In combination with cuFFT Device API, this function can be used to generate the LTO database containing both device function code and metadata (a C++ header file) for a specified FFT operation. See Custom LTO Helper for an example.
#include "cufftdx/utils.hpp"
namespace cufftdx {
namespace utils {
struct backend_impl_traits {
unsigned int size;
fft_type type;
fft_direction direction;
unsigned int sm;
unsigned int elements_per_thread;
unsigned int min_elements_per_thread;
};
enum class algorithm {
ct,
bluestein,
};
enum class execution_type {
thread,
block,
};
backend_impl_traits backend_traits =
frontend_to_backend(
algorithm algo,
execution_type exec_type,
unsigned int fft_size
/* size_of<FFT>::value */,
fft_type type
/* type_of<FFT>::value */,
fft_direction direction
/* direction_of<FFT>::value */,
unsigned int sm
/* sm_of<FFT>::value */,
real_mode real_mode
/* real_mode_of<FFT>::value */,
unsigned int elements_per_thread
/* elements_per_thread_of<FFT>::value or
* 0 if not set */,
unsigned int block_dim_x
/* block_dim_of<FFT>::x or 0 if not set */,
experimental::code_type code_type
/* experimental::code_type_of<FFT>::value */
);
} // namespace utils
} // namespace cufftdx
(online) LTO Database Creation#
cufftdx::utils::get_database_and_ltoir() returns a tuple containing:
Database string (
std::string) to be inserted into the cuFFTDx headers.Vector of LTOIRs (
std::vector<std::vector<char>>) for building device functions for the specified FFT operation.Required CUDA block dimensions (
Dim3) for executing the FFT operation.Required shared memory size (
unsigned, in bytes) for executing the FFT operation.

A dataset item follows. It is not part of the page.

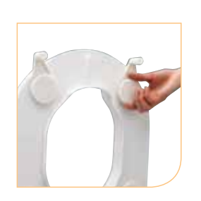
Secure fitting The brackets are covered with friction rubber and adjustable to fit the shape of the toilet bowl. Hi-Loo fits all common types of toilet.

std::tuple<std::string, std::vector<std::vector<char>>, Dim3,
unsigned int>
cufftdx::utils::get_database_and_ltoir(
unsigned int fft_size,
cufftdx::fft_direction dir,
cufftdx::fft_type type,
unsigned int sm,
cufftdx::detail::execution_type execution,
cufftdx::precision prec =
cufftdx::precision::f32,
cufftdx::complex_layout layout =
cufftdx::complex_layout::natural,
cufftdx::real_mode rmode =
cufftdx::real_mode::normal,
unsigned int fft_ept = 0
/* use heuristic */,
unsigned int ffts_per_block = 1
/* 0: use suggested ffts_per_block */);
Example
// Assuming the following FFT operator is defined in the NVRTC-compiled code:
// using FFT = decltype(cufftdx::Block() +
// cufftdx::Size<128>() +
// cufftdx::Type<cufftdx::fft_type::c2c>() +
// cufftdx::Direction<cufftdx::fft_direction::forward>() +
// cufftdx::Precision<float>() +
// cufftdx::ElementsPerThread<8>() +
// cufftdx::FFTsPerBlock<2>() +
// cufftdx::SM<700>());
// You can get the database string and LTOIRs for the FFT operation by calling:
auto [lto_db, ltoirs, block_dim, sm_size] =
cufftdx::utils::get_database_and_ltoir(128,
cufftdx::fft_direction::forward,
cufftdx::fft_type::c2c,
700,
cufftdx::detail::execution_type::block,
cufftdx::precision::f32,
cufftdx::complex_layout::natural,
cufftdx::real_mode::normal,
8,
2);
After obtaining the database string and LTOIRs, you can insert the database string into the cuFFTDx header file and link the LTOIRs to the user code as shown in Use Case II: Online Kernel Generation.
Note
The cufftdx::utils::get_database_and_ltoir() function is a wrapper around cuFFT Device APIs (see cuFFT Device API Reference). To use this function:
Define
CUFFTDX_ENABLE_CUFFT_DEPENDENCY.Link against the cuFFT library.